Department of Biomedical Sciences, Oregon State University, 106 Dryden Hall, Corvallis, OR, 97331, USA.
School of Electrical Engineering and Computer Science, Oregon State University, 1148 Kelley Engineering Center, Corvallis, OR, 97331, USA.
Interdiscip Sci. 2018 Jun;10(2):449-454. doi: 10.1007/s12539-016-0194-3. Epub 2016 Oct 24.
We report an in silico method to screen for receptors or pathways that could be targeted to elicit beneficial transcriptional changes in a cellular model of a disease of interest.

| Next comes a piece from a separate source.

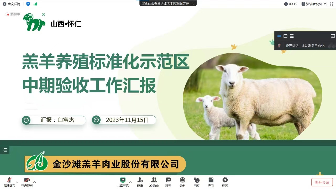 2023年11月15日,羔羊養(yǎng)殖標準化示范區(qū)年度考核評估會以網絡會議形式召開。考核評估小組組長由山西省市場監(jiān)督管理局標準管理處副處長李昆擔任,考核組成員由農業(yè)和標準化領域專家組成。 懷仁市市場監(jiān)督管理局黨組成員王肇清、標準化股徐巧紅出席會議,懷仁市金沙灘羔羊肉業(yè)股份有限公司副總經理白富杰、質量部經理李旭東、辦公室主任石增蓮參加會議。

In our method, we integrate: (1) a dataset of transcriptome responses of a cell line to a panel of drugs; (2) two sets of genes for the disease; and (3) mappings between drugs and the receptors or pathways that they target. We carried out a gene set enrichment analysis (GSEA) test for each of the two gene sets against a list of genes ordered by fold-change in response to a drug in a relevant cell line (HL60), with the overall score for a drug being the difference of the two enrichment scores. Next, we applied GSEA for drug targets based on drugs that have been ranked by their differential enrichment scores. The method ranks drugs by the degree of anti-correlation of their gene-level transcriptional effects on the cell line with the genes in the disease gene sets. We applied the method to data from (1) CMap 2.0; (2) gene sets from two transcriptome profiling studies of atherosclerosis; and (3) a combined dataset of drug/target information. Our analysis recapitulated known targets related to CVD (e.g., PPARγ; HMG-CoA reductase, HDACs) and novel targets (e.g., amine oxidase A, δ-opioid receptor). We conclude that combining disease-associated gene sets, drug-transcriptome-responses datasets and drug-target annotations can potentially be useful as a screening tool for diseases that lack an accepted cellular model for in vitro screening.
我们报告了一种在计算机上筛选受体或途径的方法,这些受体或途径可以在感兴趣疾病的细胞模型中引发有益的转录变化。在我们的方法中,我们整合了:(1)细胞系对药物组的转录组反应数据集;(2)两种疾病相关基因集;以及(3)药物与它们靶向的受体或途径之间的映射。我们对两种基因集中的每一种都进行了基因集富集分析(GSEA)测试,针对的是一个相关细胞系(HL60)中药物反应的基因列表,通过对药物的整体评分是两种富集评分的差异。接下来,我们根据药物的差异富集评分对药物靶点进行了 GSEA 分析。该方法通过药物对细胞系的基因水平转录效应与疾病基因集之间的相关性程度对药物进行排序。我们将该方法应用于(1)CMap 2.0 中的数据;(2)动脉粥样硬化的两个转录组分析研究中的基因集;以及(3)药物/靶点信息的综合数据集。我们的分析再现了与 CVD 相关的已知靶点(例如,PPARγ;HMG-CoA 还原酶,HDACs)和新靶点(例如,胺氧化酶 A,δ-阿片受体)。我们得出结论,将疾病相关基因集、药物转录组反应数据集和药物靶点注释结合起来,可能有助于筛选缺乏体外筛选可接受细胞模型的疾病。